Jerry's working on it for the LE2.

To my knowledge, it does not support it in its current state.


----------



## 5banger (Dec 9, 2016)

You'd need the ethanol sensor and all the tables are there ready in the tune.


----------



## CruzeTech (Mar 23, 2012)

I’m waiting on this, and a turbo replacement. [emoji108][emoji108]

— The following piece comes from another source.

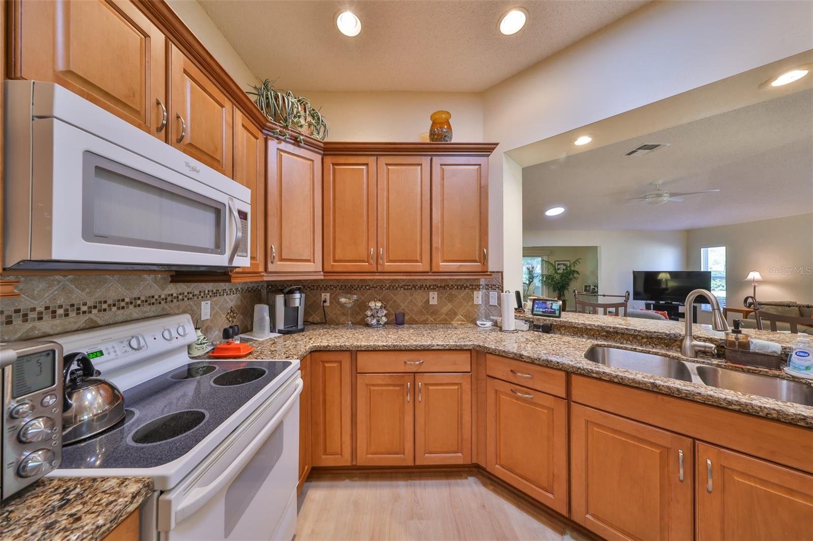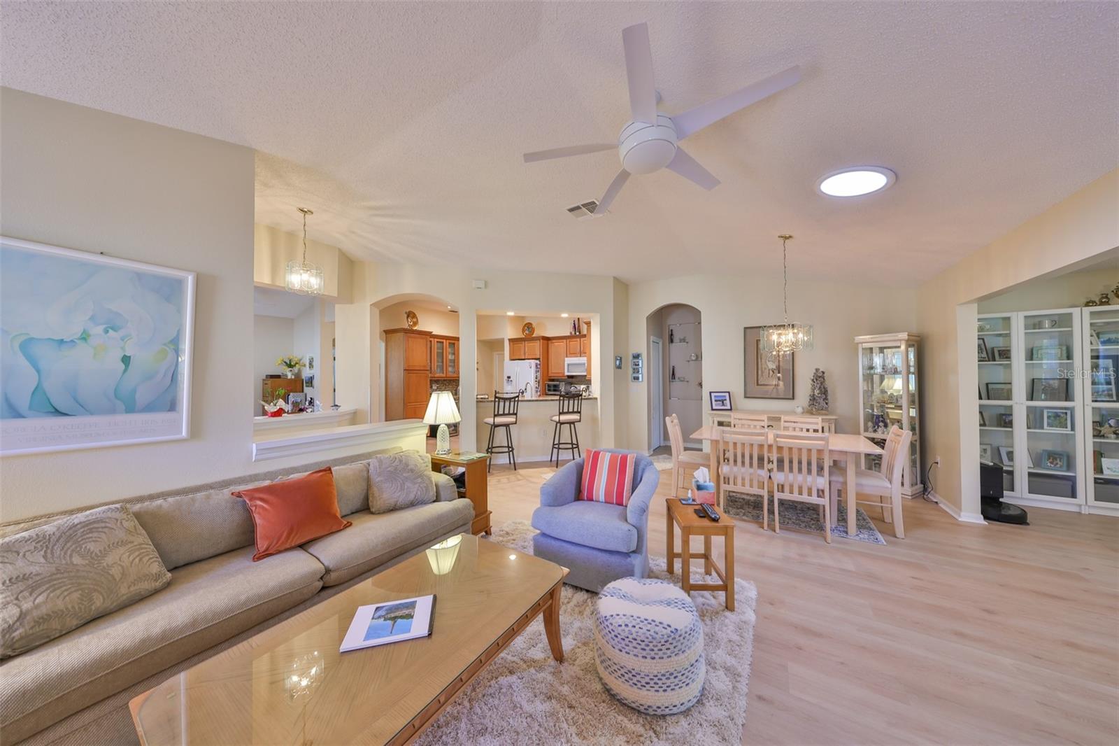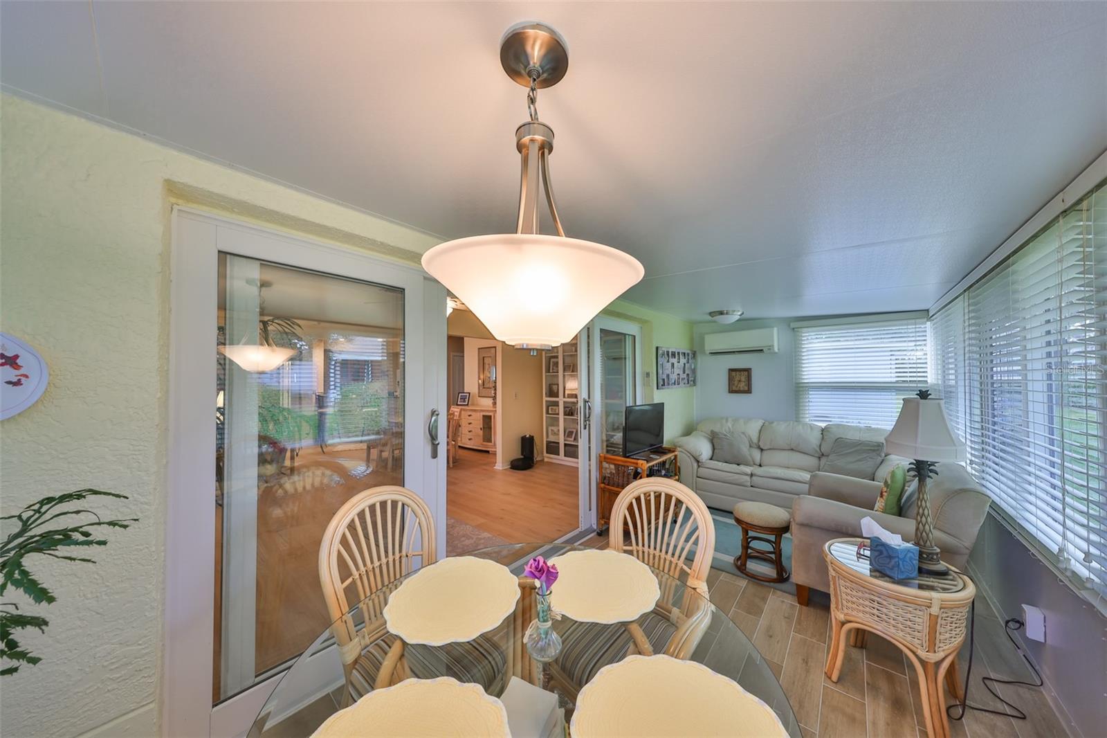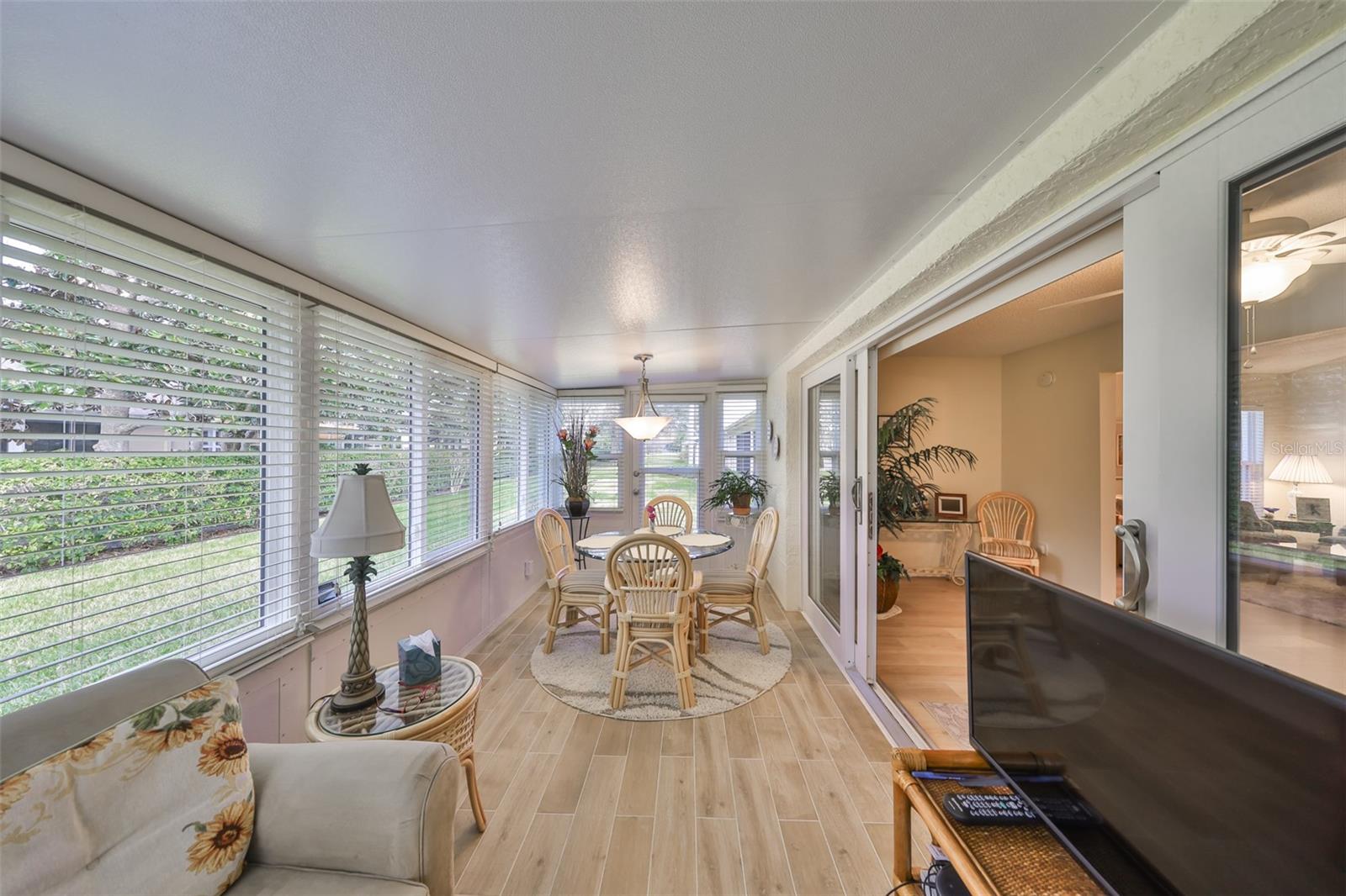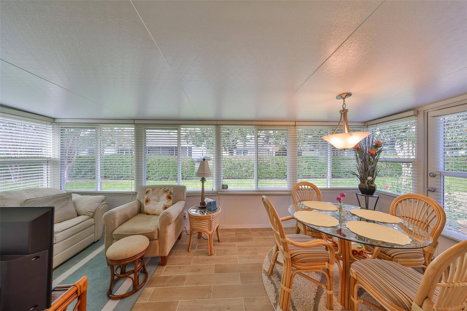 TERRIFIC PRICE IMPROVEMENT FOR THIS BEAUTIFULLY UPDATED CONDO FEATURING AN 8 X 20 NEWER FLORIDA ROOM, PLUS GOLF CART! Enjoy the fun Florida lifestyle in the GATED & MAINTENANCE FREE 55+ community of Kings Point in Sun City Center, FL, where you'll feel like you're on vacation every day. Nestled in a lovely, "pet friendly" neighborhood, this immaculate & well maintained, 2 bed/2 bath & den, FULLY FURNISHED condo has a modern, open floorplan, high ceilings, 3 SOLAR TUBES for extra natural light, LUXURY VINYL FLOORING (2024) and IMPACT WINDOWS (2024). The UPDATED KITCHEN is a cook's dream with plenty of 42-inch wood cabinetry finished w/crown molding, pretty tile backsplash, quartz "Cambria" counters, and a breakfast bar for extra casual seating, all open to the huge living room/dining room combo. The private owner's suite has large dual closets, NEWER VANITY, FIXTURES, AND GORGEOUS TILED WALK-IN SHOWER. The spacious 2nd bedroom & UPDATED BATHROOM are at the opposite end of the condo, offering privacy for guests. The office/den is a great versatile space that can easily accommodate extra guests if needed. For added living space, this condo has a terrific 8 x 20 GLASSED ENCLOSED FLORIDA ROOM (2024) that has a SPLIT AC/HEAT UNIT, DOUBLE PANE WINDOWS, REINFORCED CEILING PANELS, CERAMIC TILE FLOORING and IMPACT SLIDERS. For extra storage, all cabinets in the 2-car garage will remain. Furniture may be available for sale on separate bill of sale. Kings Point is a wonderful community with numerous amenities, such as 2 clubhouses w/cafes, indoor/outdoor resort-style pools, tennis/pickleball courts, lawn bowling, tons of social clubs, live theater, golf, and so much more, all accessible by golf cart. Kings Point is conveniently located on major highways, airports, award-winning beaches, Sarasota, Tampa, and Disney. So come and view this beauty today and see why you'll want to call it home!

Sent from my iPhone using Tapatalk Pro


----------



## [email protected] (Nov 12, 2011)

Yes the tables are there, and I have the pins for the ECM but so far we've had some issues with it. I'm still working on it though


----------



## Taxman (Aug 10, 2017)

Thanks, Jerry.


----------



## 12sws27 (Nov 23, 2017)

Im curious about this as well. What other vehicles are flex fuel and use the le2? Would it have to be a sensor from a vehicle that uses the same engine? Anyone got a pin out of a 2017 ecm?  what problems are you running into, Jerry?


----------



## 12sws27 (Nov 23, 2017)

Im curious about this as well. What other vehicles are flex fuel and use the le2? Would it have to be a sensor from a vehicle that uses the same engine? Anyone got a pin out of a 2017 ecm?  what problems are you running into, Jerry?


----------



## AlaskaCruze’n (Apr 23, 2020)

Bump any word on this?


----------



## Taxman (Aug 10, 2017)

I asked for a flex or even just a straight E85 tune when I bought from Jerry at the end of 2018 and he said he couldn't do it.

But that might have changed in the last two years.


----------